As a nurse, your clinical knowledge likely far exceeds most other CPC-A coders.  The piece you are missing is the insurance and administration type skills.  I also realize remote work is far more popular now than it ever was.  However, my personal belief is for a new coder, nothing beats onsite experience.  Being able to turn to the next desk to ask a simple question, or even overhear other coders interacting will give you experience and knowledge much faster than remote.

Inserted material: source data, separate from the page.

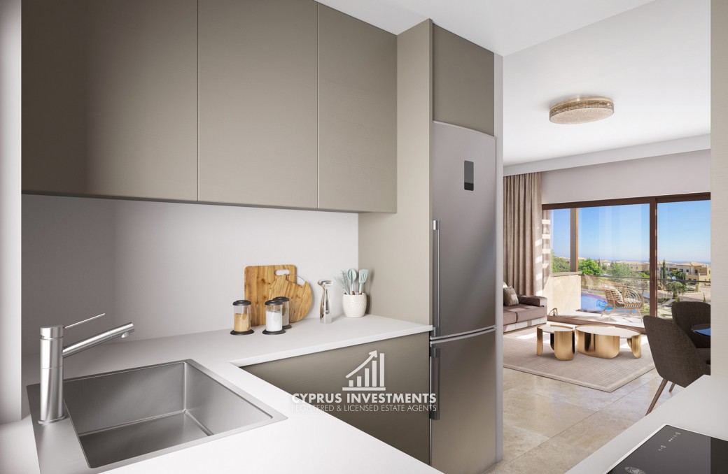 These beautiful, spacious apartments are set in 3-storey buildings with just 6 homes to each unit and share wonderful views over the large free-form communal swimming pool, golf academy and the glistening blue Mediterranean Sea. Located in a prime position at the center of Aphrodite Hills Resort, each apartment block boasts an uncompromising attention to detail that is synonymous to the high-end real estate choices offered at the multi awarded Resort. The apartments boast the highest quality Italian-style kitchen units, lavish Crema Royal Marble bathrooms, marble or parquet flooring throughout and concealed dual air conditioning/heating system. Apartment owners and their guests have exclusive access to beautifully landscaped gardens and the free-form swimming pool. The covered area of the property is 105.30 sqm, veranda is 19.90 sqm and the total covered area is 125.20 sqm Licensed and Registered Agency R.N 1106 , L.N 151/E.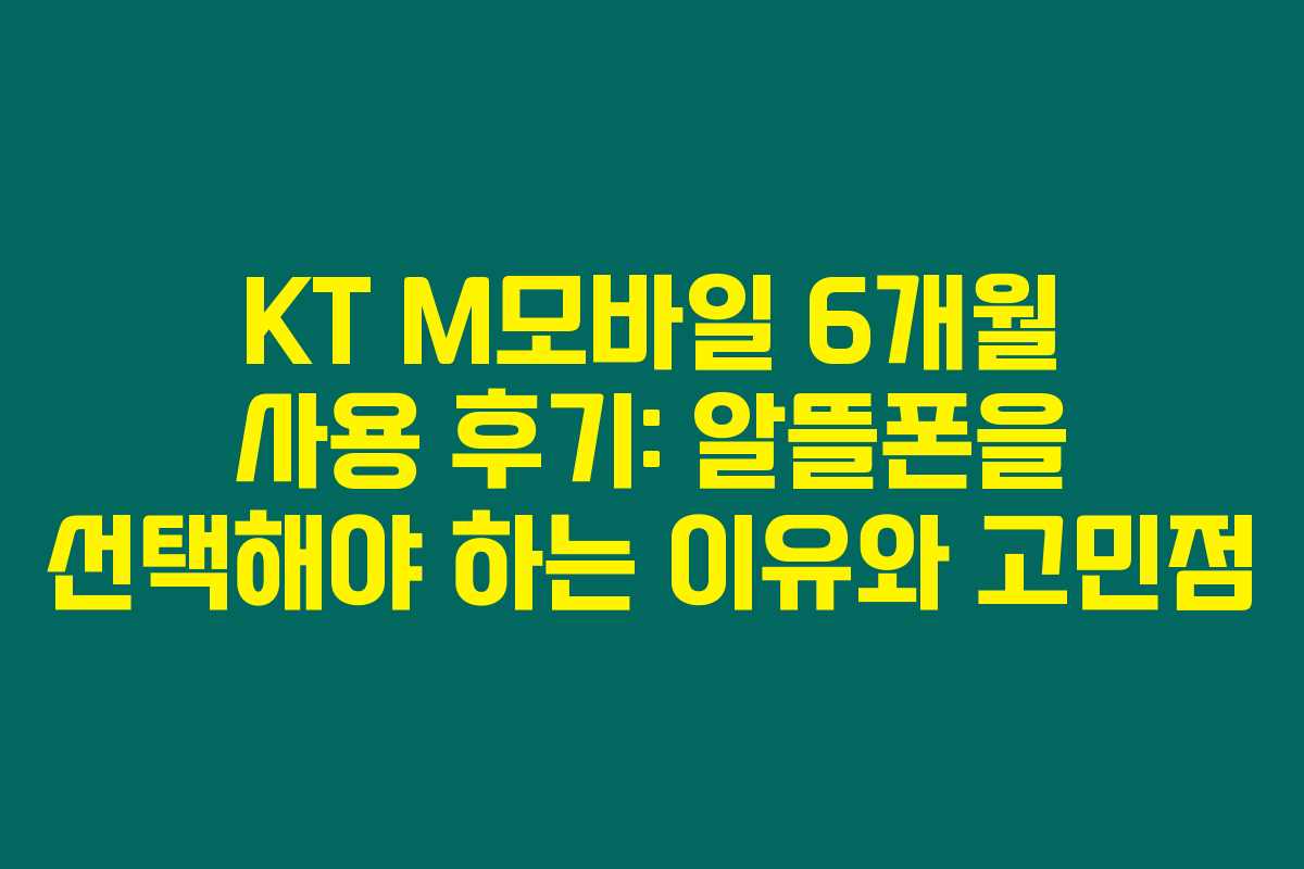 KT M모바일 알뜰폰을 6개월 간 써본 결과, 가격적인 혜택과 셀프개통의 간편함은 정말 좋았어요. 통신 품질도 믿을 만하고 할인 혜택도 신경 쓸만했거든요.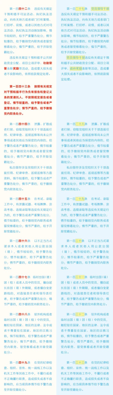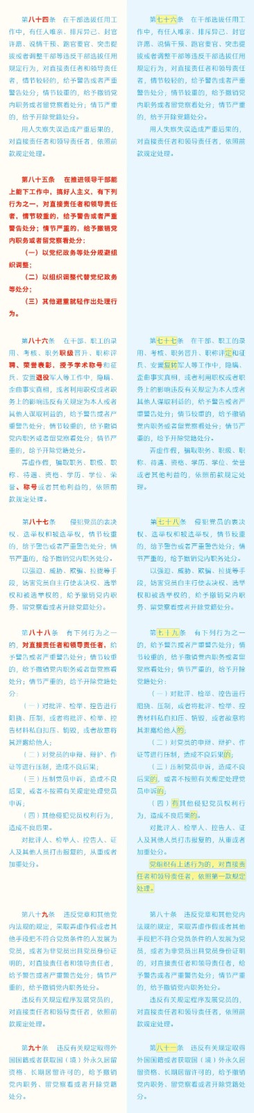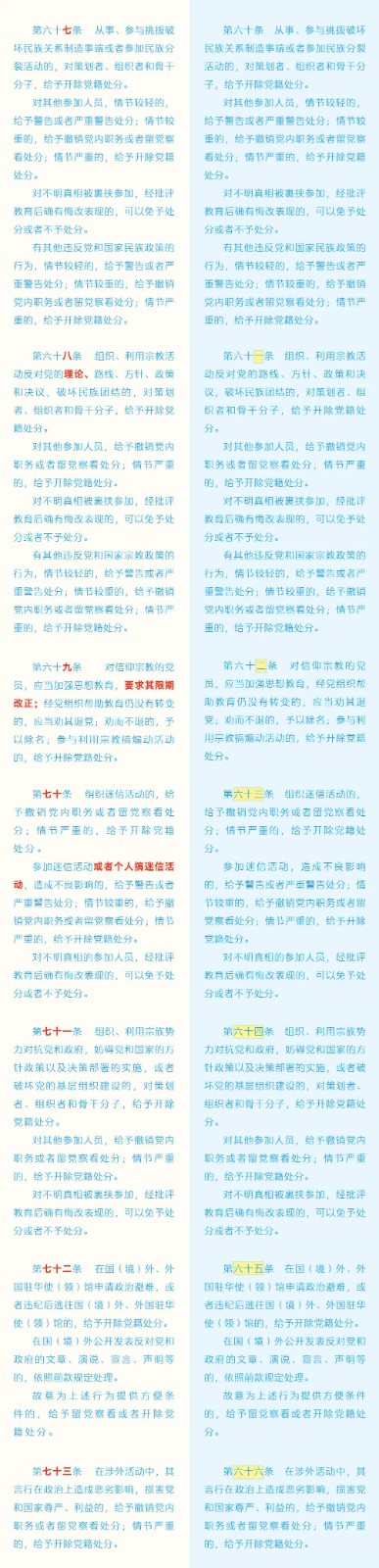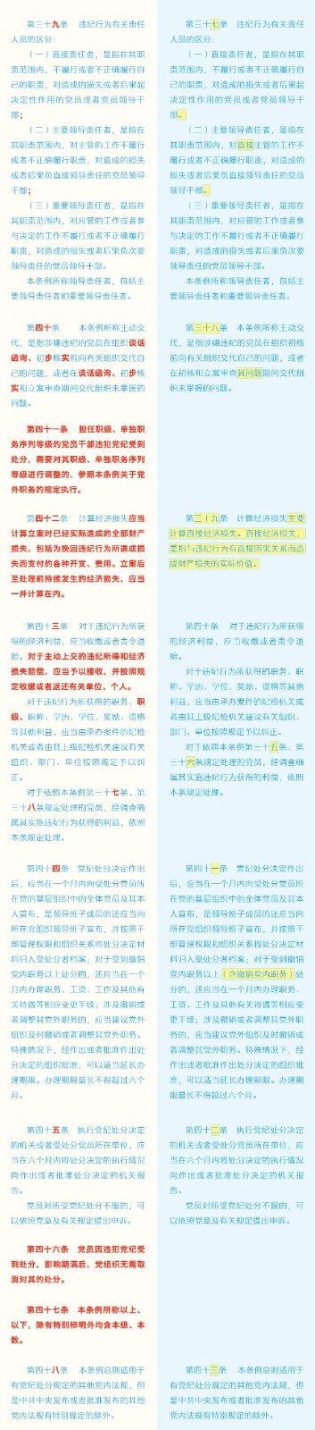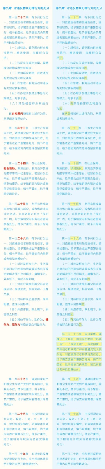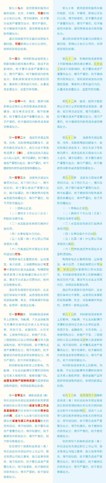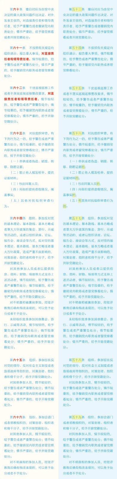 《中國共產(chǎn)黨紀(jì)律處分條例》修訂條文對照表 發(fā)表時間:2024-01-04

Since you already work in a hospital setting, I would inquire about whether there is an onsite (or offsite) coding department or billing department.  If there is, try to meet with a supervisor or manager from that department.  Ask if you could come for an hour or two a week (or whatever you can spare on your own time) and sit with a coder.  Bring them donuts.  Try to sit with a coder at lunch.  Make yourself known.  For me personally, if someone from within my health system who already had computer access and security clearance and clinical knowledge and showed this type of initiative, I would absolutely consider them for my next open position.
If that's not possible where you are currently employed, then there's a pretty good chance you are going to need to take an even bigger paycut than you were expecting and try to find an entry level coding adjacent position.  Billing.  Registration.  Front desk.  Authorizations.  Look for companies that do employ coders so you have the possibility to move into a coding position once you have a more rounded revenue cycle skill set.  I believe the best coders have a decent billing knowledge and fully understand the entire revenue cycle.  Companies do exist that hire coders with no experience, but the forum is littered with CPC-As complaining they cannot find a job.      
Have a GREAT coverletter.  Briefly explain you are making a career change and can't wait for this challenge.  Emphasize your current skills that transfer to coding.    
Network.  Your current employer is a good place.  Your local AAPC chapter is another.  Linked in.  Facebook.  You just need one foot in the door opportunity.  

Good luck!


----------



## mailoulor (Mar 30, 2022)

csperoni said:


> There are a lot of posts asking this type of question.  If you do a search, there is some great advice there.
> Here's some of my personal opinion and tips:
> 1) Someone who finished a coding education (and even practicode) and passed the exam really is not fully qualified to work as a coder independently.  The real world is not multiple choice.  Things like RVUs, NCCI edits, payor specific policies, etc are barely if at all mentioned in training, but as a coder are things you deal with on a daily (if not hourly) basis.
> 2) In a perfect world, companies recognize the benefit of apprentice coders and are willing to hire them and complete their training.  Unfortunately, the education is not real world and many companies want an employee who can start coding on day one, therefore only hire experienced coders.  Just like with your nursing education, if you only spent time in classrooms, when you graduated you would not be ready to care for actual patients.  No matter how well you did on exams and how great an instructor you had and how well you absorbed the study material, if you never actually set foot in an operating room, or touched a patient, or saw and touched instruments with your own 2 eyes, you would not do well as an OR nurse on day one.
> ...


Excellent advice! Thank you for giving details.


----------



## molubeko@gmail.com (Apr 2, 2022)

caitlin.ski2011@gmail.com said:


> Hey! I just posted a job to my chapter’s forum. It’s part time remote for an orthopedic company about 10-15 hours /biweekly. It’s more of a ‘dropping claims’ and making sure modifiers etc are correct. The surgeons code their own stuff for the most part so it’s more like making sure they actually did what they are coding. It might give you your foot in the door. If you are interested, I can direct you to the posting


Hi, I am interested in this opportunity if it is still available. Could you please direct me to the posting?


----------



## amyjph (Apr 3, 2022)

Christine gave you excellent advice. I would point out there are a huge amount of clinical coding and review roles that many of us coders are not qualified for because we are not LPN/RN. I think there may be opportunity for you there even with limited real-world coding experience. Look into some of the large healthcare data analytics companies, payers and big work comp carriers. Medical necessity reviewers and clinical reviewers are in high demand. Look for medical review and fraud, waste and abuse positions. Look for utilization review roles. Case management and claims review clinical roles need nurse/coders. Even if you have only a basic understanding of coding as long as you have your clinical experience and nursing degree/license I think you would be able to find a role. Think outside of working on the provider and hospital side of things. You could also look into revenue and reimbursement roles with the specialty societies and the large healthcare supply companies. 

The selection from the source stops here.